District Court of Appeal of Florida, Third District
Feb 22, 1967
194 So. 2d 652 (Fla. Dist. Ct. App. 1967)

Opinion

No. 66-227.

January 24, 1967. Rehearing Denied February 22, 1967.

Joseph A. Wanick, City Atty., for petitioner.

Shutts Bowen, Herbert L. Nadeau and Joseph I. Davis, Miami, for respondent.

Before HENDRY, C.J., and PEARSON and CARROLL, JJ.


The respondent David Eason was charged with violation of a provision of the zoning ordinance of the City of Miami Beach. He pleaded nolo contendere in the municipal court. As authorized and required on such a plea when it is accepted, sentence was imposed. He was fined $50.

In the municipal court it was shown that Eason was an employee of an automobile rental agency having a sub-agency at a hotel on Miami Beach.

Eason superseded the judgment and appealed therefrom to the circuit court, which has final appellate jurisdiction of appeals from decisions of municipal courts. Art. V, § 6(3) Fla. Const., 26 F.S.A. The circuit court first affirmed, then on rehearing reversed. Thereupon the city appealed.

At the outset we note that this appeal is from a decision rendered by the circuit court in exercise of its appellate jurisdiction. Provision is not made for appeal of such a decision to this court. However, it is provided in § 59.45 Fla.
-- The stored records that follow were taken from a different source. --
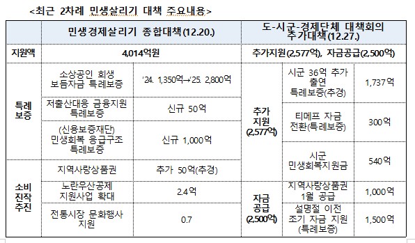 - 중소기업 육성자금(2,700→3,000억원), 소상공인 보듬자금(1,350→2,800억원) 확대
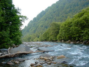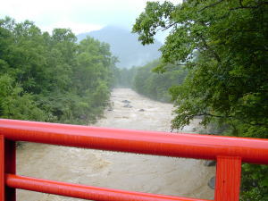 | こんな濁流に! | 桧枝岐の夏の雪まつり |
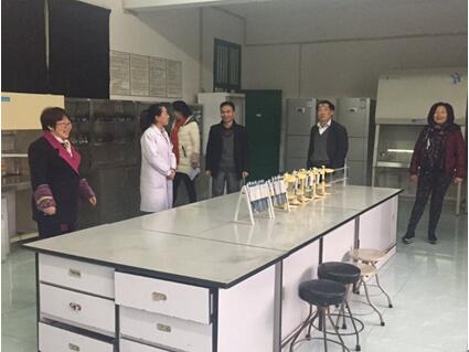 图为院领导一行到基础医学实验室检查
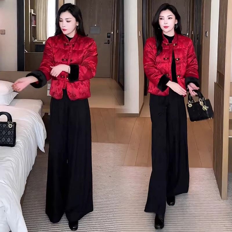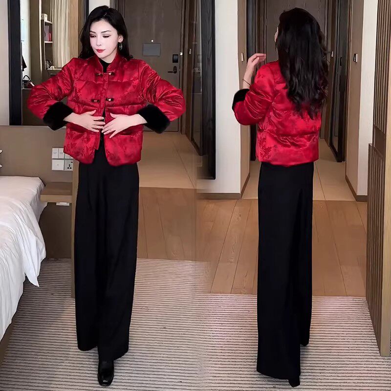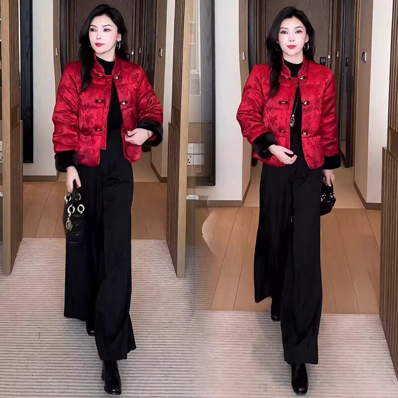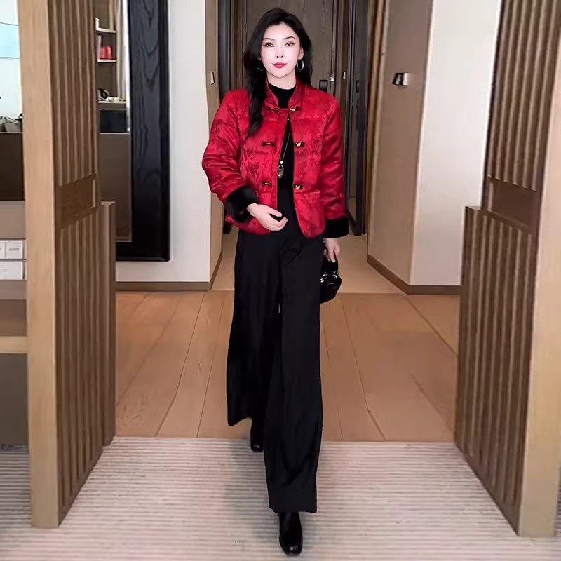 新中式国风红色棉服女士冬季2025新款棉袄子盘扣加厚保暖棉衣外套

Stat., F.S.A. that where an appeal is improvidently taken when the remedy might have been more properly sought by certiorari, the notice of appeal and the record thereon may be regarded and acted on as a petition for certiorari duly presented. Accordingly, we take jurisdiction and treat the appeal as a certiorari.

The charge on which the respondent was prosecuted in the Miami Beach municipal court was: "* * * that he [David Eason] did service a rented vehicle with gasoline while said vehicle was parked on a parking area or premises controlled by the Deauville Hotel while awaiting use by the rental customer, * * *"

The defendant's plea of nolo contendere left open for review only the sufficiency of the charge, and operated as a waiver of all defenses other than that no offense was charged. Peel v. State, Fla. App. 1963, 150 So.2d 281, 292. Within that limitation, the defendant, in appealing to the circuit court, properly could and did contend that the charge stated against him by the city constituted no offense, for the claimed reason that the provision of the ordinance on which it was predicated was unconstitutional.

The zoning ordinance (No. 289, Section 5(4) provides that in hotels consisting of 100 or more guest rooms certain designated service facilities are authorized, including automobile rental sub-agencies. The pertinent language of the ordinance as to automobile rental sub-agencies is as follows:

"Hotels consisting of one hundred (100) or more guest rooms may contain * * * the following service facilities, when designed and intended for use solely and exclusively as an incident to the principal hotel use, to wit: * * automobile rental sub-agencies, subject to the same requirements as other accessory use facilities enumerated in the aforementioned sections, provided that no rental cars be stored on the controlled premises or parking areas of such hotels unless there is a bonafide contract on file at such hotel automobile rental sub-agency as proof that a particular car stored is under hire in that area by a guest of the establishment, and further provided that during such normal parking the rented vehicle may not be serviced with gasoline or oil or repaired in such parking area while awaiting use by the rental customer, * * *"

The basis on which the circuit court (on appeal) held the applicable provision of the ordinance invalid is shown by the judge's order as follows:

"The appellant raises several constitutional attacks upon the ordinance pursuant to which he was arrested and convicted. Suffice it to say that upon the authority of Fox v. Bancroft Associates, Inc., (Fla.App.) 128 So. (2) 771, the Court finds that the ordinance in question is unconstitutional, and having so determined, it follows that the judgment of conviction and the sentence imposed by the Miami Beach Municipal Court be and the same is hereby reversed."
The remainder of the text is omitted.